Isobel Marion Dorothea Mackellar was an Australian poet and fiction writer.

Life and Works

The only daughter of noted physician and parliamentarian Sir Charles Mackellar, she was born in Sydney in 1885. Although raised in a professional urban family, Mackellar's poetry is usually regarded as quintessential bush poetry, inspired by her experience on her brothers' farms near Gunnedah, North-West New South Wales.

Her best-known poem is My Country, written at age 19 while homesick in England, and first published in the London Spectator in 1908 under the title Core of My Heart. The second stanza of this poem is amongst the most well-known in Australia. Four volumes of her collected verse were published: The Closed Door (published in 1911, contained the first appearance of My Country under its present name); The Witch Maid, and Other Verses (1914); Dreamharbour (1923); and Fancy Dress (1926).

In addition to writing poems, Mackellar also wrote novels, one by herself, Outlaw's Luck (1913), and at least two in collaboration with Ruth Bedford. These are The Little Blue Devil (1912) and Two's Company (1914). According to Dale Spender, little has been written or is yet known about the circumstances behind this collaboration.

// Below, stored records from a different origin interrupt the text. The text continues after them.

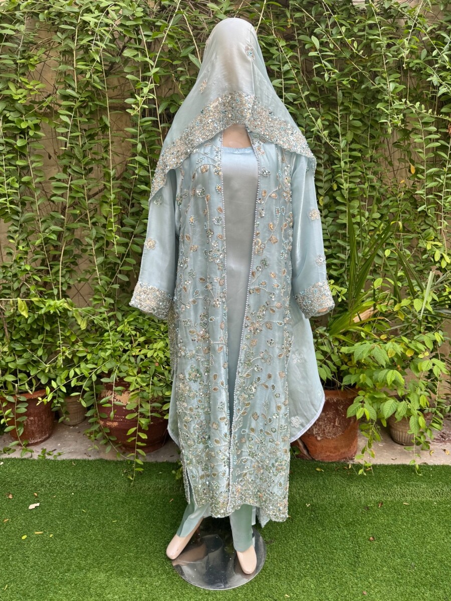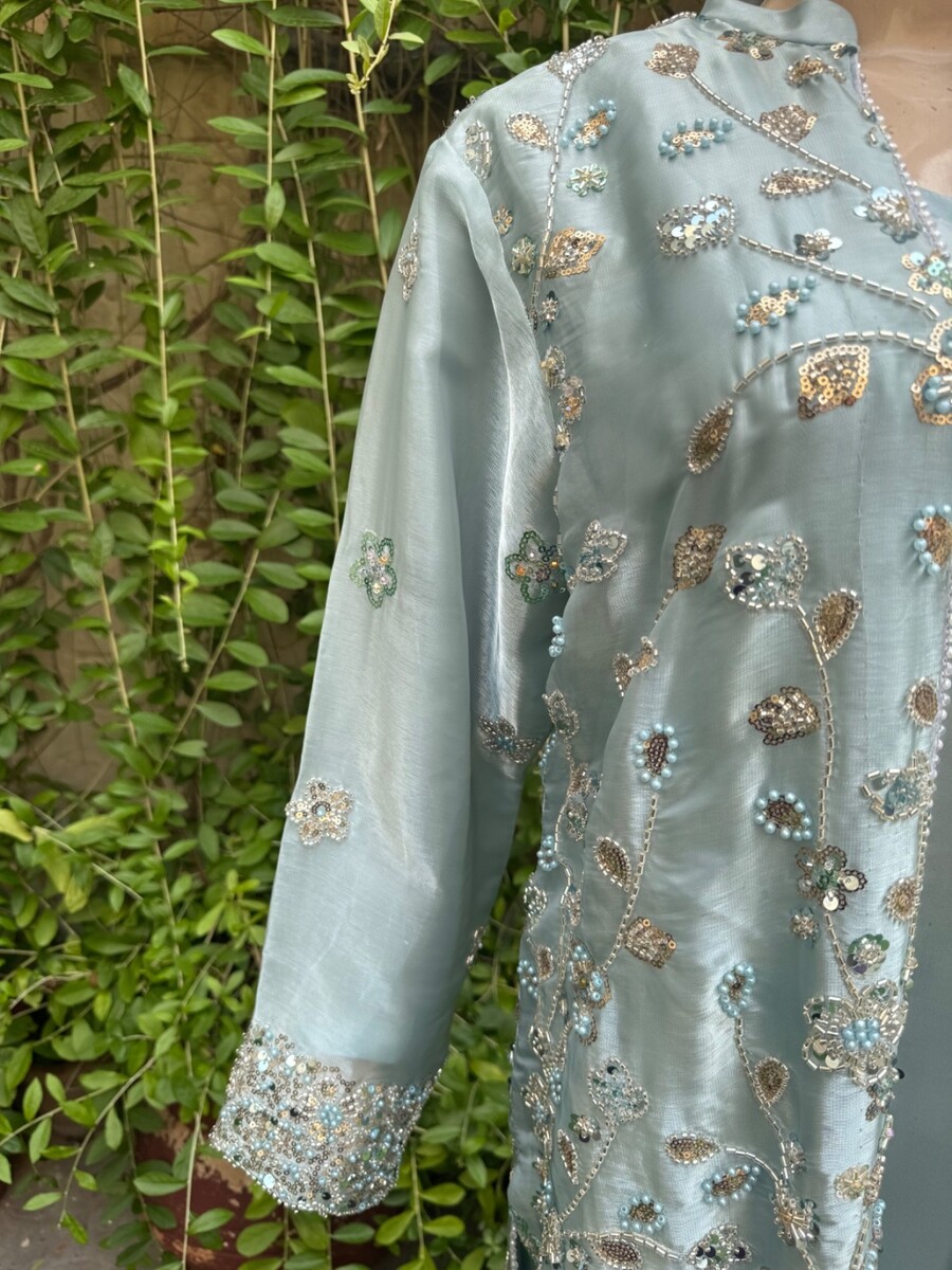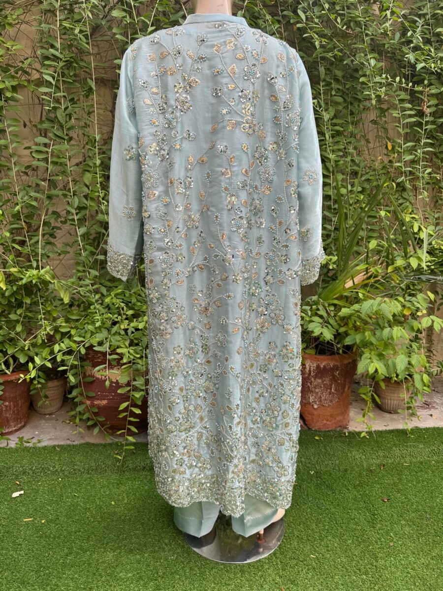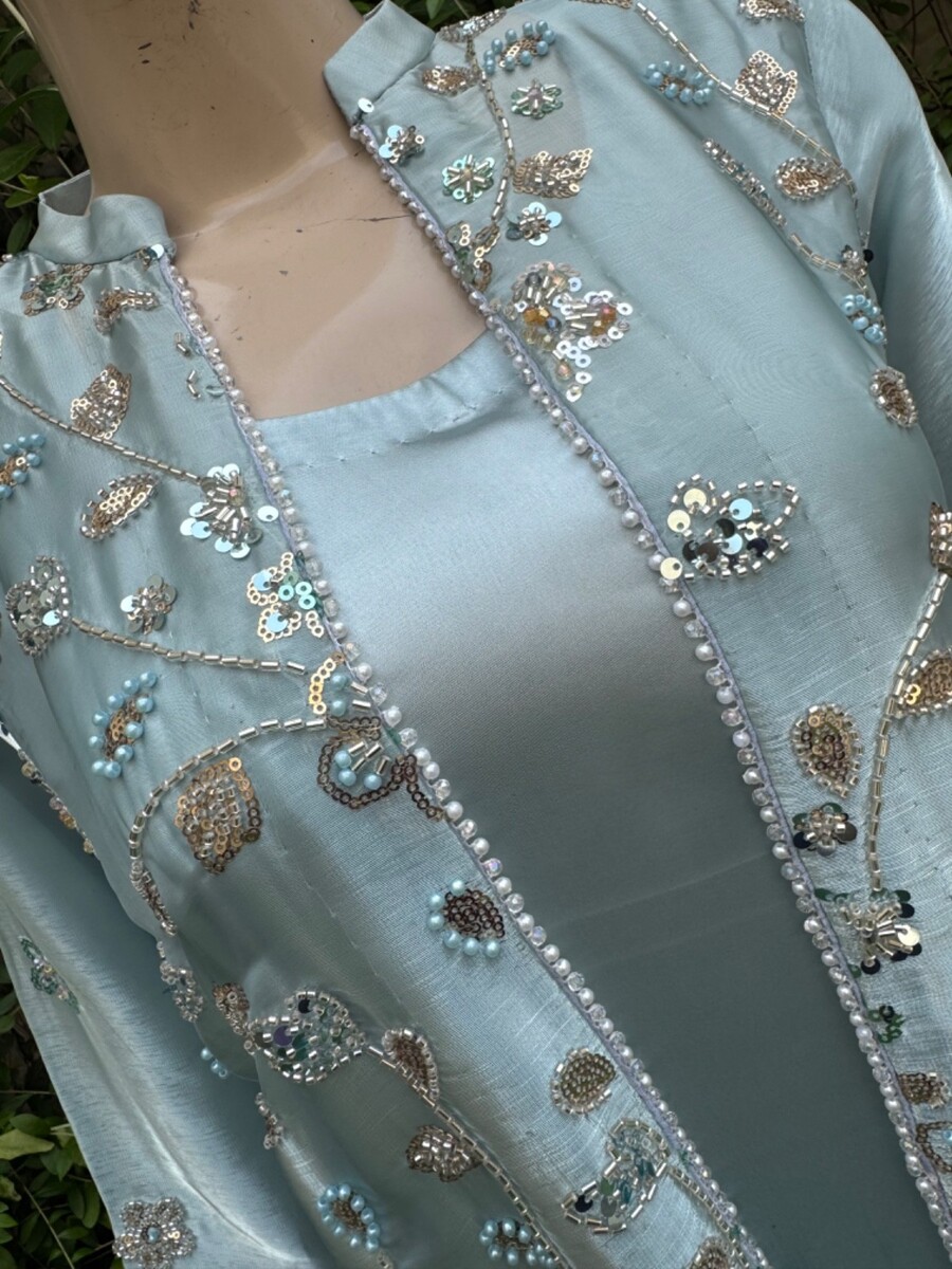 ? Ice Blue Russian silk embroidery and sequins (Cutdana work) work on long open gown, back is also full with cutdana work.
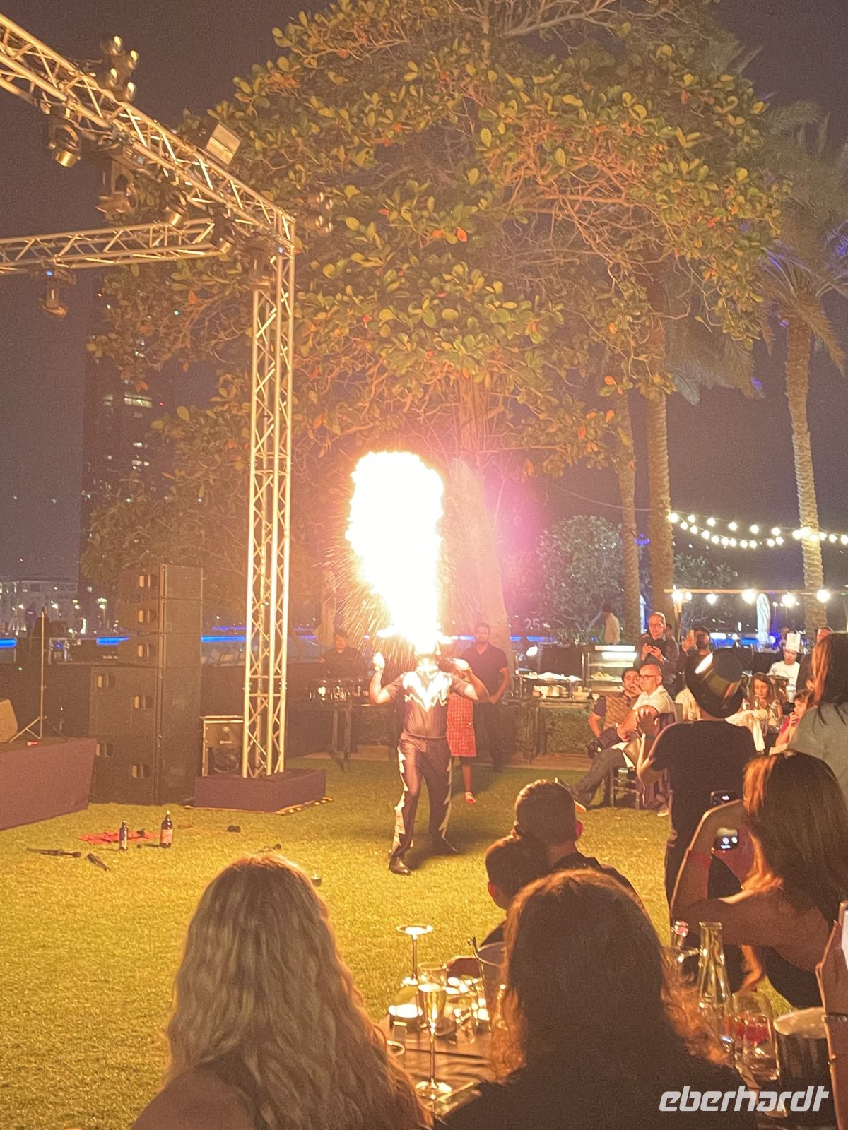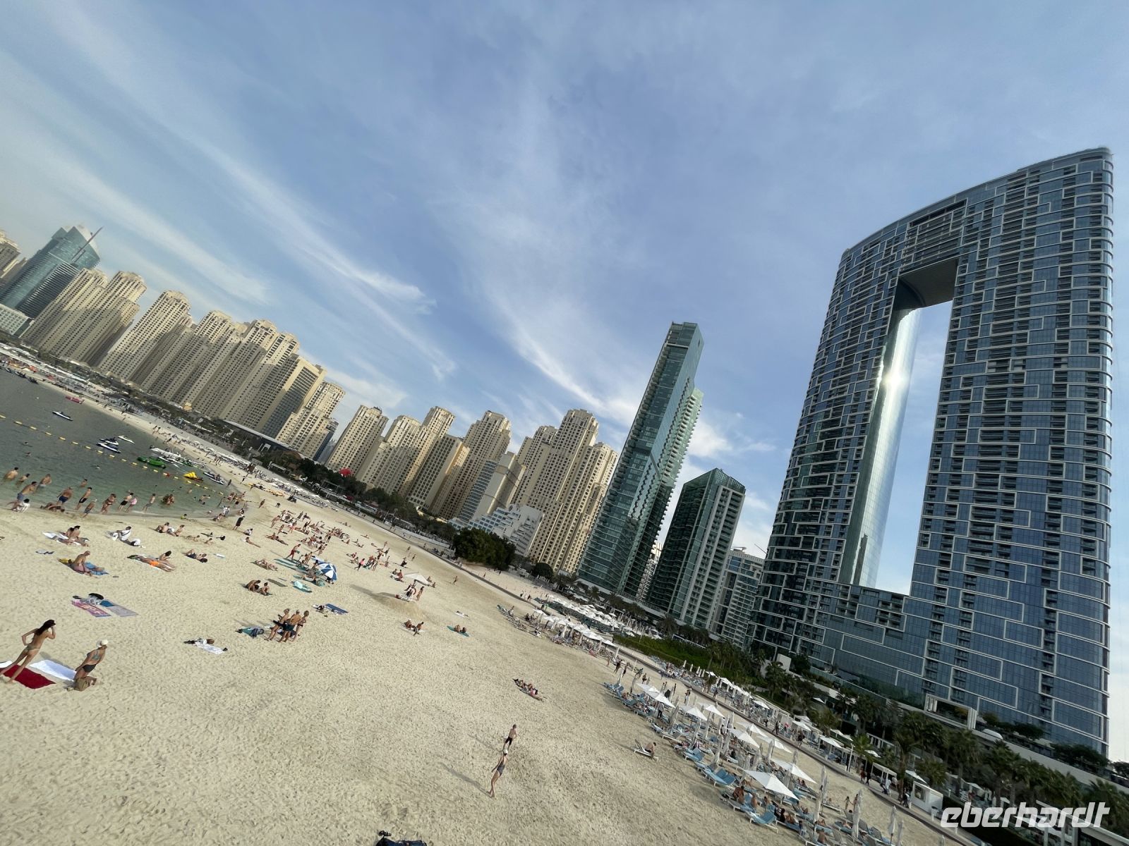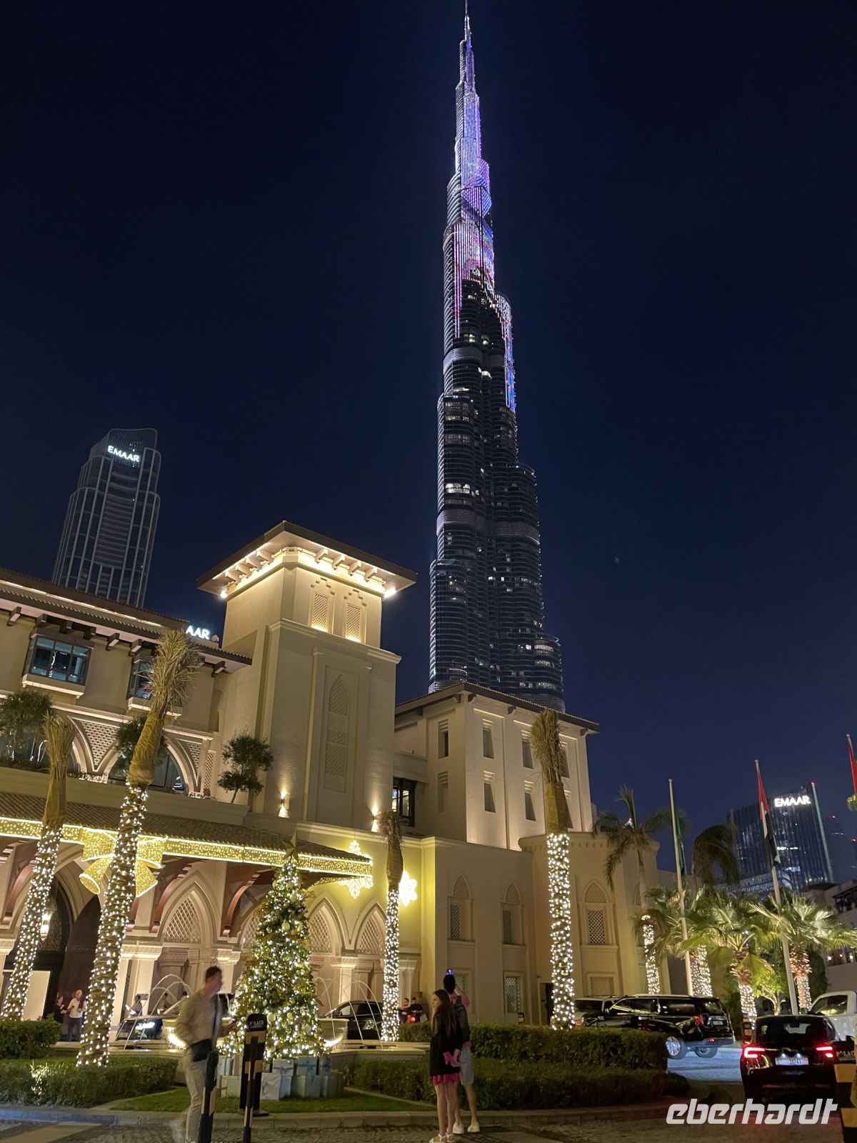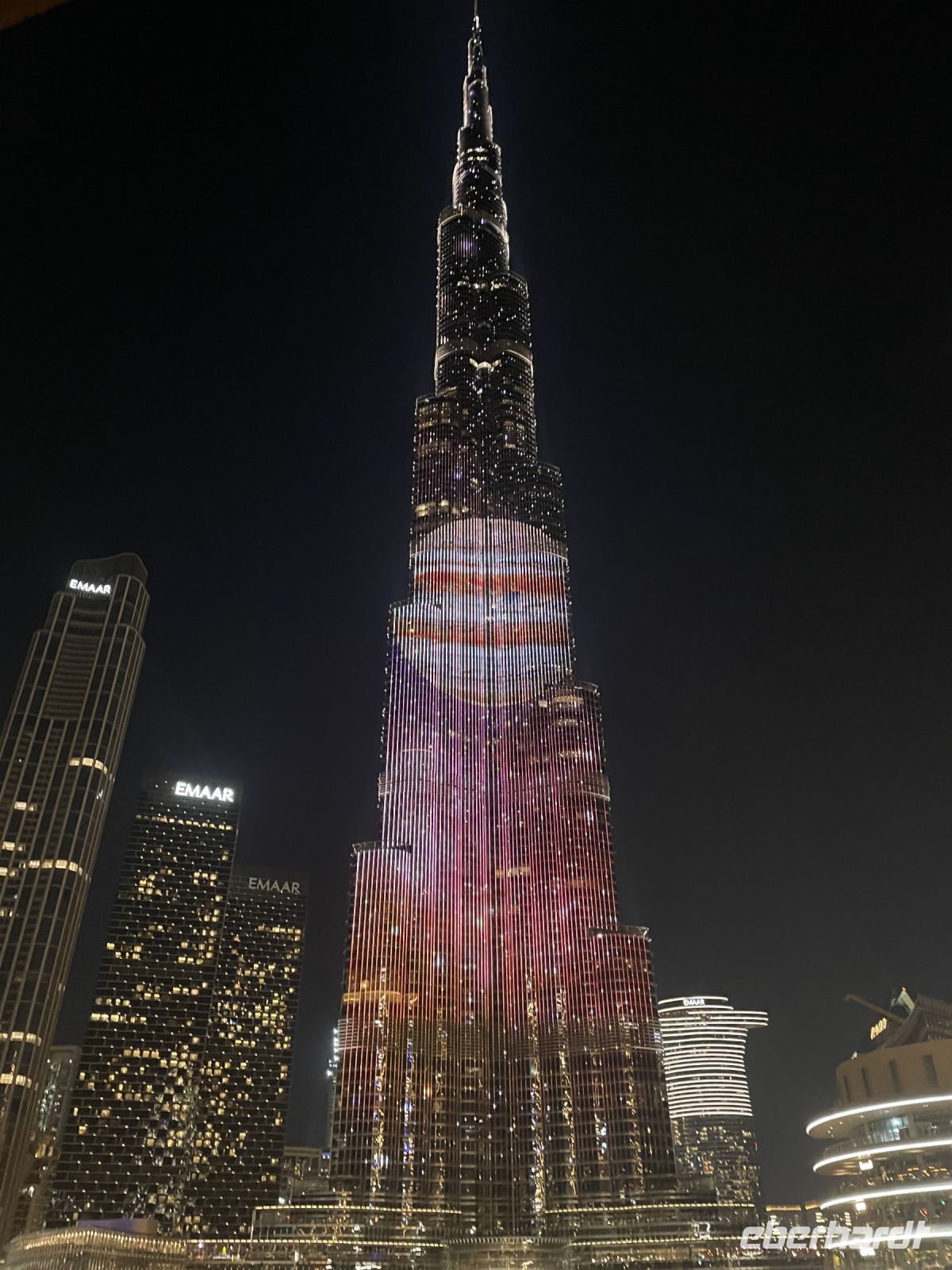 An unserem heutigen freien Tag können alle in Ruhe ausschlafen. Bis zum Treffpunkt am frühen Abend für die Silvesterfeier steht eine individuelle Ausgestaltung des Nachmittags auf dem Plan. Einige Reisegäste fahren jedoch mit mir in Richtung Dubai Marina. Hinzu nehmen wir die Metro und rückzu ein Taxi. Wir besuchen das Dubai Riesenrad, spazieren zum Adress Beach Hotel und gehen danach am JBR Strand Baden. Am späten Nachmittag erreichen wir wieder unser Hotel und haben noch etwas Freizeit bis wir wieder abgeholt werden. Um 19:30Uhr treffen wir uns wieder in der Lobby. Der Dresscode für unsere Silvesternacht lautet – Silber&Black. Dort angekommen, trinken wir erst einmal einen Begrüßungs-Sekt und begeben uns zu unseren Tischen im Außenbereich, wo uns nicht nur ein imposantes Buffet mit Lobster, Kaviar, Wagyu-Beef uvm. sondern auch ein einmaliges Show Programm geboten wird. Wir sitzen an einem großen Tisch und genießen Speiß- & Trank. Um 00:00Uhr heißt es… 3,2,1 – frohes neues Jahr! Das Feuerwerk ist einfach gigantisch! Alle sind begeistert! Nun geht die Party richtig los, mit Livemusik und einem DJ.
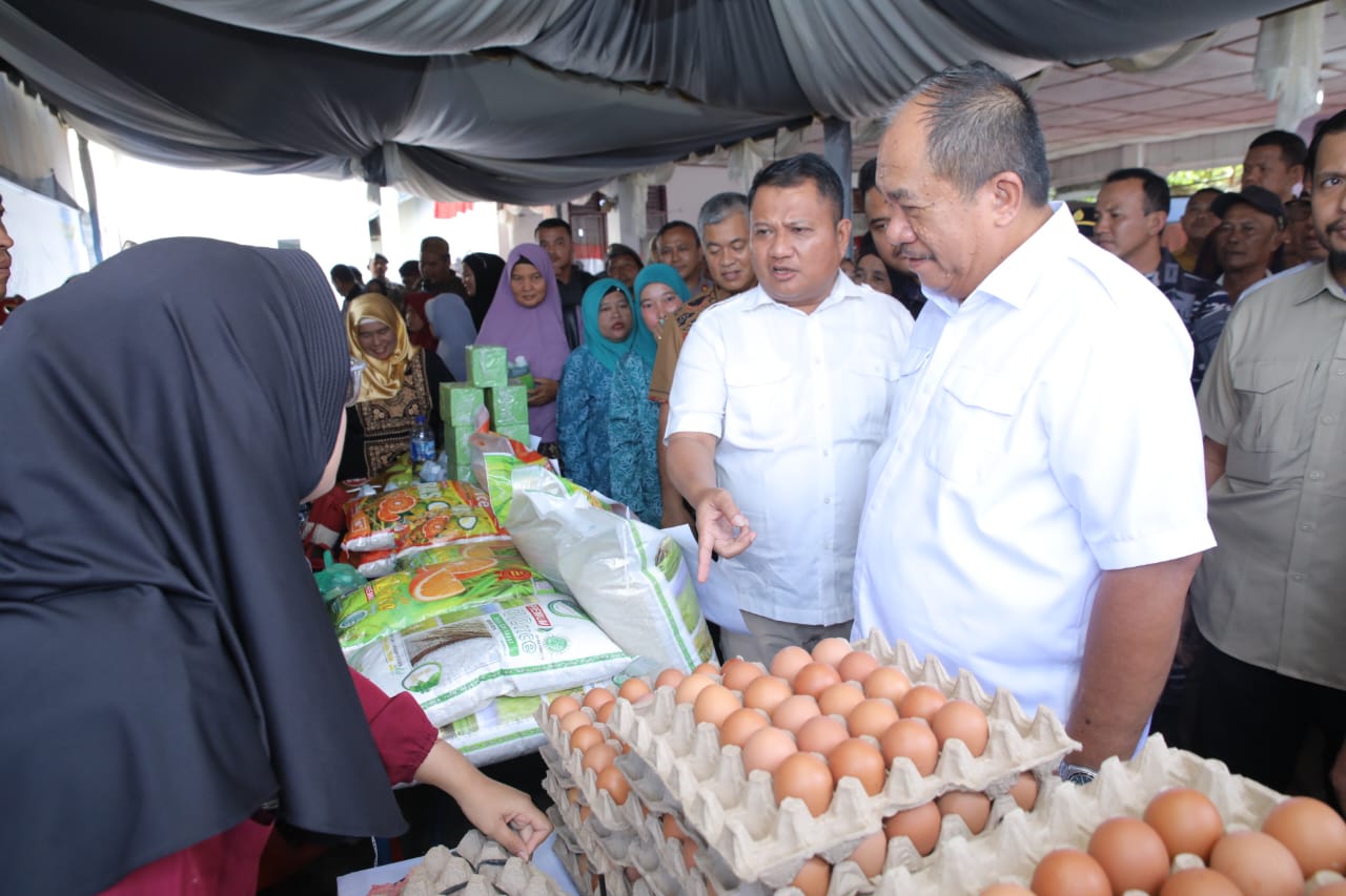 Usai mengikuti zoom, bupati bersama Forkopimda meninjau langsung pelaksanaan GPM di lokasi kegiatan, memastikan masyarakat dapat membeli bahan pangan dengan harga yang terjangkau.(is)
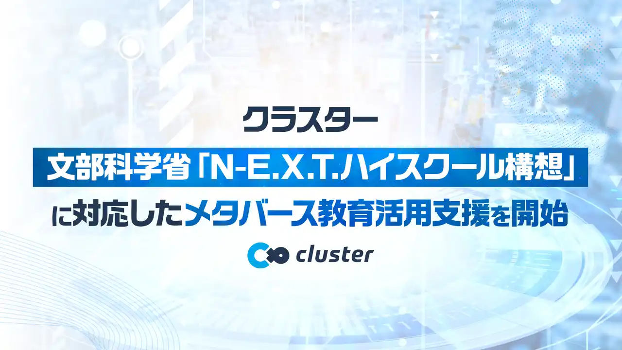 クラスター株式会社(本社:東京都品川区、代表取締役CEO:加藤直人、以下「クラスター」)は、文部科学省が2026年2月に公表した「N-E.X.T.ハイスクール構想 ※」に対応したメタバース教育活用支援を、本日2026年4月17日より開始いたします。 |
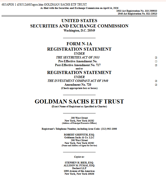 4月14日提交的申请文件推出了高盛比特币溢价收益ETF。该基金为主动管理型,旨在通过期权策略从比特币相关敞口中产生月度收益。

In the New Year's Day Honours of 1968, Dorothea Mackellar was made an Officer of the Order of the British Empire for her contribution to Australian literature.She died two weeks later. She is buried with her father and family in Waverley Cemetery overlooking the open ocean. A memorial to Mackellar stands in ANZAC Park in Gunnedah. A federal electorate covering half of Sydney's Northern Beaches and a street in the Canberra suburb of Cook are named in her honour. (The Canberra suburb of McKellar was not named after her, but is often assumed to have been.)